To succeed Kenney, candidates will have to be adept at reading the tea leaves early to determine what voters will care about in 2023, then stake out that ground, political consultant Maurice Floyd said.

“The right issue makes the difference. That’s what will define who the masses or the voters will really take a look at, will really say, ‘That issue touches my life,' ” said Floyd, who previously served as a city commissioner and chief of staff to the late former Councilman Lucien Blackwell.

Floyd suggested crime or gentrification could be the top priority in the next election cycle and said ambitious Council members would be wise to become leading voices on one of them.

“Having your name being mentioned as a mayoral candidate is one thing,” he said. “Voters having that ability of seeing your accomplishments is another thing.”
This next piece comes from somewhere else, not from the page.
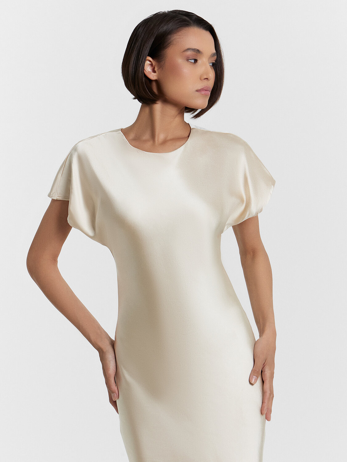 Платье полуприлегающего силуэта длиной миди идеально подойдет для различных повседневных и нарядных образов. Круглая горловина и короткие рукава придают ему универсальный и стильный вид. А застежка на пуговицу на спинке добавляет элегантности и удобства. Изделие выполнено из высокопрочного материала, приятного к телу, что обеспечивает комфорт и долговечность. Такая ткань будет держать форму и радовать вас своим качеством. Прекрасный выбор для тех, кто ценит стиль и комфорт в одежде!

Although anyone can run for mayor, serving on Council has proven to be a potent resumé line. The last mayor who had never served on Council was Ed Rendell, who took over the city’s top job in 1992 after being district attorney. In the last two open mayoral elections, unsuccessful candidates in the Democratic primary included two members of Congress, two state senators, a former district attorney, and a wealthy businessman.

The most prominent Philly politician from outside Council who is rumored to be considering a mayoral run is City Controller Rebecca Rhynhart. Through investigations and audits, controllers, who hold an independently elected office designed to be a fiscal watchdog on the executive branch, often provide Council members seeking attention with ammunition.

But Rhynhart’s potential candidacy complicates matters for current Council members, according to Larry Ceisler, a public affairs consultant who worked in the Goode administration.

“How do you deal when the controller makes an audit or makes policy recommendations, and Rebecca Rhynhart is on the list of potential mayoral candidates?” Ceisler said. “If you’re a city councilperson looking at running for mayor, are you going to jump on things Rhynhart does? Or are you going to poke holes in them?”

Having Council members with overlapping ambitions could also disincline them to work together, Ceisler said. At the same time, members will want to avoid being seen as a roadblock to a popular policy idea, he said.

“What happens in a body like that? Are they jockeying against each other? I don’t think so — yet,” Ceisler said. “It’s not a recipe for congeniality, put it that way, or consensus-building."

Managing all of this will be Council President Darrell Clarke, who before the 2015 election was himself a rumored mayoral candidate. He is no longer said to be interested in the job.

Due to retirements and a primary upset, three of Clarke’s closest allies — Jannie Blackwell, Bill Greenlee, and Blondell Reynolds Brown — will no longer be on Council in January. Consequently, Clarke’s hold on the chamber is also playing a role in the political calculus. Although some members are clearly angling to replace Kenney, others may try to succeed Clarke if their path to the mayor’s office seems narrow.

An administration official who spoke on the condition of anonymity to avoid damaging relations with Council noted that, depending on how the November election turns out, there could be five new members next year, possibly opening a window for someone to challenge Clarke for the presidency instead of waiting for him to retire.

“All of that remains in play," the official said. "I don’t think anyone is particularly safe.”